Multiple sclerosis is a disease in which the body experiences episodes of neurological symptoms caused by inflammatory or demyelinating attacks within the central nervous system at different points in time.
Relapsing-remitting multiple sclerosis is characterized by individual episodes that last more than 24 hours and may improve afterward. Primary-progressive MS is characterized by a steady worsening of neurological symptoms without significant remission.
When someone experiences a single demyelinating or inflammatory attack of the central nervous system that causes neurological symptoms resembling MS, it is called clinically isolated syndrome, or CIS. Here are some common questions about CIS and how it is distinguished from other forms of MS.
Is CIS the same as MS?
According to updated recommendations redefining the phenotypes of MS made in 2014, CIS is considered an official form of MS. However, not everybody who experiences an episode of CIS will go on to develop full-blown multiple sclerosis.
How does CIS resemble other forms of MS?
An episode of CIS includes neurological symptoms that last for 24 hours or longer and are caused by inflammation or demyelination within the central nervous system (CNS).
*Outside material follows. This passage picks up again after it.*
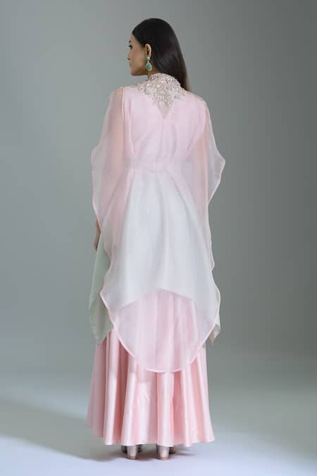 Buy_Prisho_Pink Organza Beads, Embroidery V-neck Floral Vine Cape With Draped Pant Set _at_Aza_Fashions
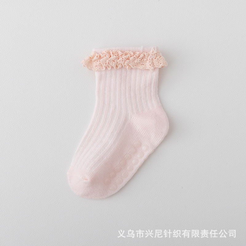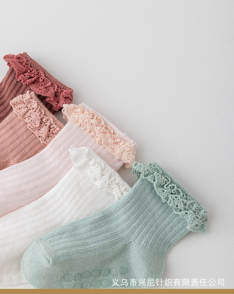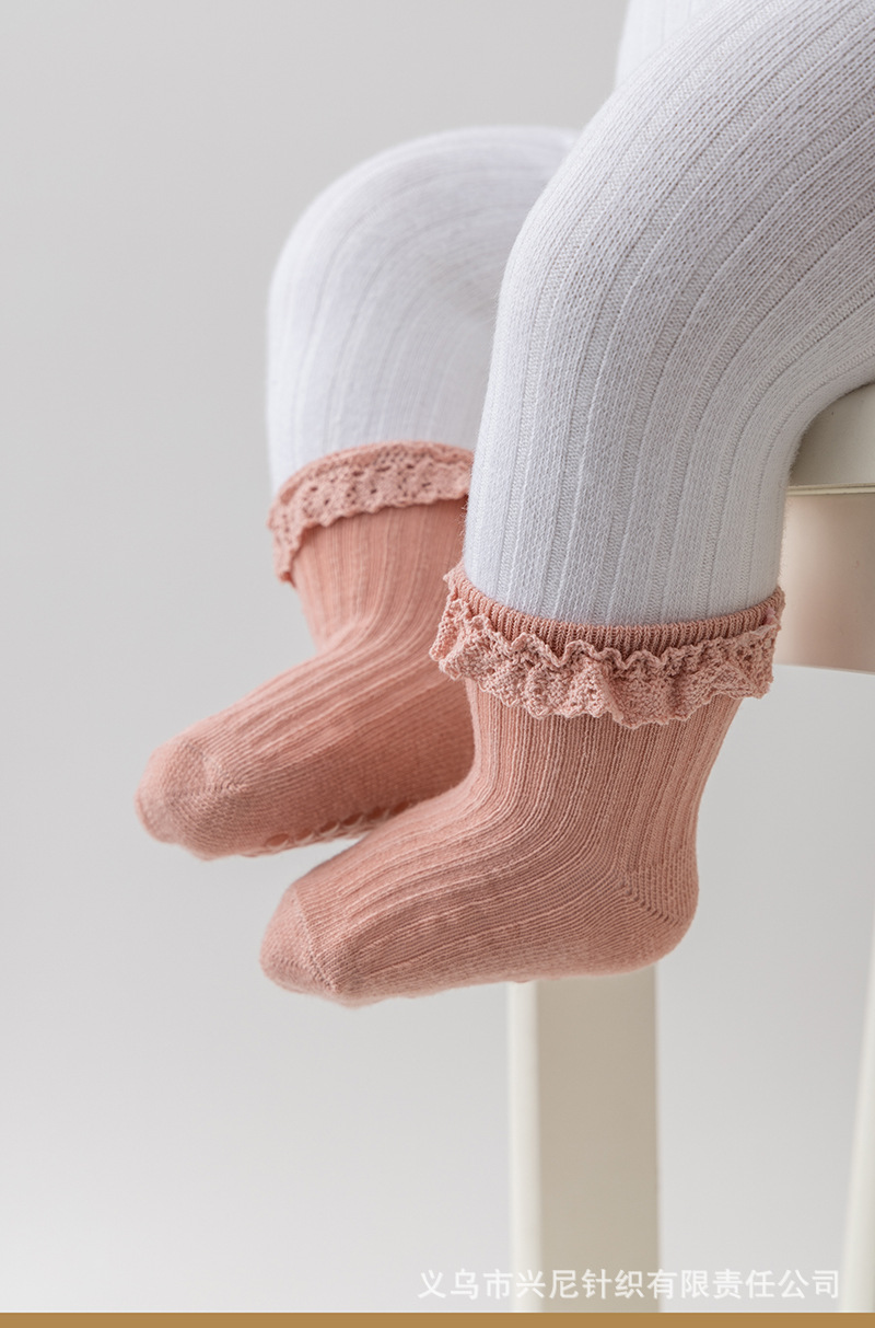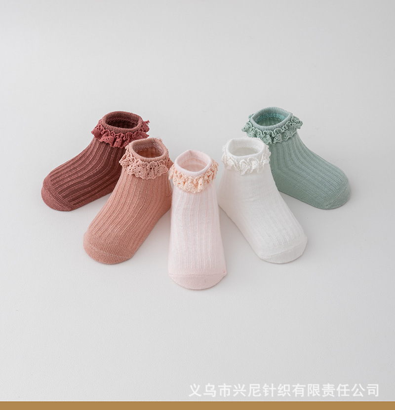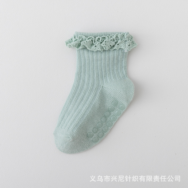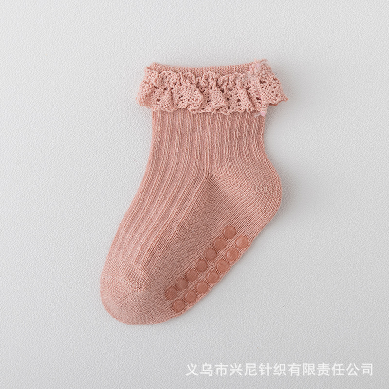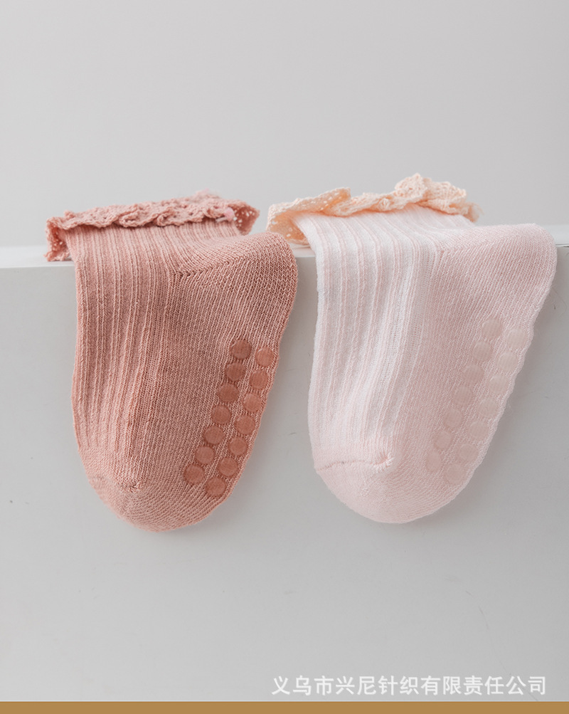 신생아 분배 비 슬립 봄과 가을면 양말 유아 0-6 개월 소녀 공주 레이스 양말 아기 바닥 양말

Myelin is the fatty substance that surrounds and protects nerves. Myelin helps to speed messages along nerves, and a loss of myelin serves to slow down the messages or keep them from getting through in the first place. A place where inflammation has attacked the myelin is called a lesion. The effects of demyelination are the same for each form of MS.
An attack of CIS can be monofocal — involving a single symptom related to a single lesion — or multifocal — involving more than one symptom caused by lesions in different locations in the CNS. The CNS includes the brain, spinal cord, and optic nerves. An episode of CIS is often followed by complete or partial recovery.
How is CIS diagnosed?
Similar to other diseases of the central nervous system, diagnosis of CIS may include laboratory tests to eliminate other potential causes of symptoms, a complete neurological exam to access function of the nerves, a thorough medical history, and magnetic resonance imaging (MRI) to look for evidence of inflammation or demyelination within the CNS. Depending upon symptoms, the recommended MRI given at this stage of diagnosis may only include the brain and not the spinal cord.
During the MRI, a contrast agent, called gadolinium, may be injected into a vein. This helps to identify current inflammation and “active” lesions where the blood-brain-barrier is compromised. An MRI can also show older lesions that indicate damage occurred at a different point in time.
According to 2010 revised McDonald diagnostic criteria for MS, when a case of CIS is accompanied by MRI evidence of a prior episode of demyelination — whether or not it caused noticeable symptoms at the time, and is in an area of the CNS not associated with the current attack — a diagnosis of MS can be made.
How likely is CIS to progress to MS?
It is challenging to make an accurate diagnosis of CIS or MS and even more difficult to predict whether CIS will to progress to MS. For example, optic neuritis is a common neurological event that might be determined to be CIS; however, not every person who experiences optic neuritis will develop MS. On a personal note, I was eventually diagnosed with MS five years after I experienced a temporarily blinding case of optic neuritis.
When a person with CIS who has brain lesions detected by MRI that resemble those that are more commonly seen in MS, the person has an increased risk of developing MS. According to the National MS Society, this person has a 60 to 80 percent chance of experiencing another neurological event within several years and thus be diagnosed with MS.
People diagnosed with CIS who do not have MS-like brain lesions at the time of attack have a significantly lower risk — about 20 percent chance — of developing MS over several years. How my MS developed after several years fits into this lower risk category.
Can CIS be treated?
The goal in treating CIS would be to delay or prevent a second neurological attack and to reduce future disability. Disease-modifying therapies (DMTs) used for MS that are also FDA approved for use in cases of CIS include Avonex, Betaseron, Copaxone, Extavia, and Glatopa. As with MS, early treatment is encouraged to protect against inflammation in the CNS and subsequent damage to nerve cells.